Do not travel to Venezuela due to crime, civil unrest, poor health infrastructure, and arbitrary arrest and detention of U.S. citizens. . . . Violent crime, such as homicide, armed robbery, kidnapping, and carjacking is common. . . . There are shortages of food, electricity, water, medicine, and medical supplies through much of Venezuela.

That is the official line of our government, warning people not to go to Venezuela. Yet even weeks after Senator Rubio and I have requested it, the administration still refuses to give the Venezuelans in the United States protected status so that they are not forced to face the same thing.

Recent power outages have left the country even more desperate for basic water. Look at this photograph here. This shows people collecting water falling from a leaky pipeline along the banks of a river in Caracas. That is the desperation these people face.

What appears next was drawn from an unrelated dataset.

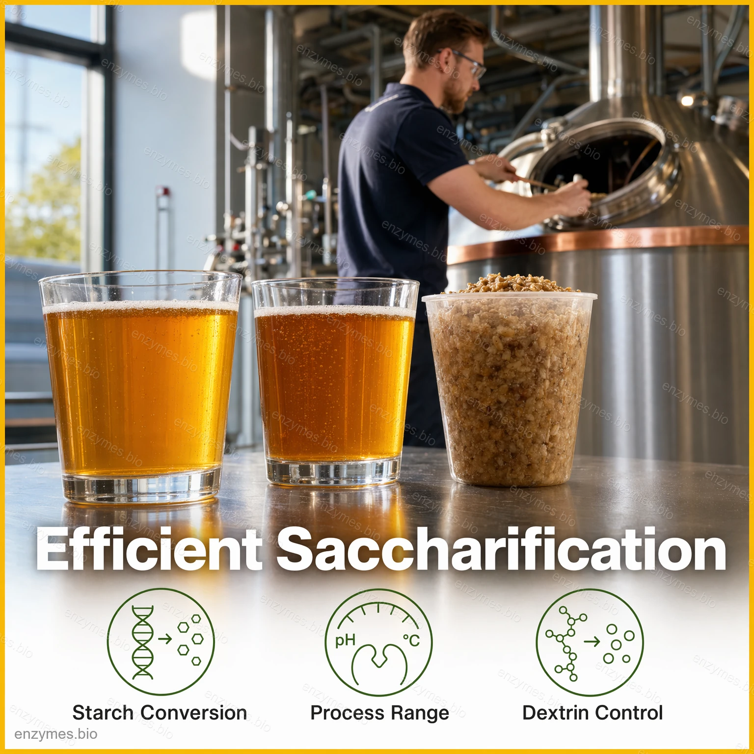 Il prodotto viene ottenuto miscelando una proporzione attentamente ottimizzata di glucoamilasi e pullulanasi, derivanti rispettivamente dalla fermentazione sommersa di Aspergillus niger e Bacillus subtilis. La combinazione di glucoamilasi con la pullulanasi, ingrediente essenziale del prodotto, rende la saccarificazione più efficiente, evitando la formazione di destrine e sottoprodotti, e consentendo quindi di ridurre i costi di lavorazione e di produrre una maggiore quantità di glucosio.

How can we force people to return to Venezuela when our own State Department says it is too dangerous to travel there?

In fact, last month Senators Rubio, Menendez, and I--and 21 other Senate Democrats--sent a bipartisan letter to President Trump, urging him to take the obvious step that would match his rhetoric on Venezuela.

I have also raised this directly with Vice President Pence and National Security Advisor Bolton.

Let me again urge here on the Senate floor that President Trump take action to grant TPS status to the Venezuelans in the United States. This would be a concrete measure that President Trump could take this afternoon with the stroke of a pen to protect tens of thousands of innocent people.

At a time when some have questioned America's real intentions toward Venezuela, this action by President Trump of granting TPS status to Venezuelan visitors in the United States would demonstrate that our true focus is on the safety and well-being of these innocent people.

This is not only the right thing to do, but it would fully align the President with his speeches.

I yield the floor.

The PRESIDING OFFICER. The Senator from Iowa.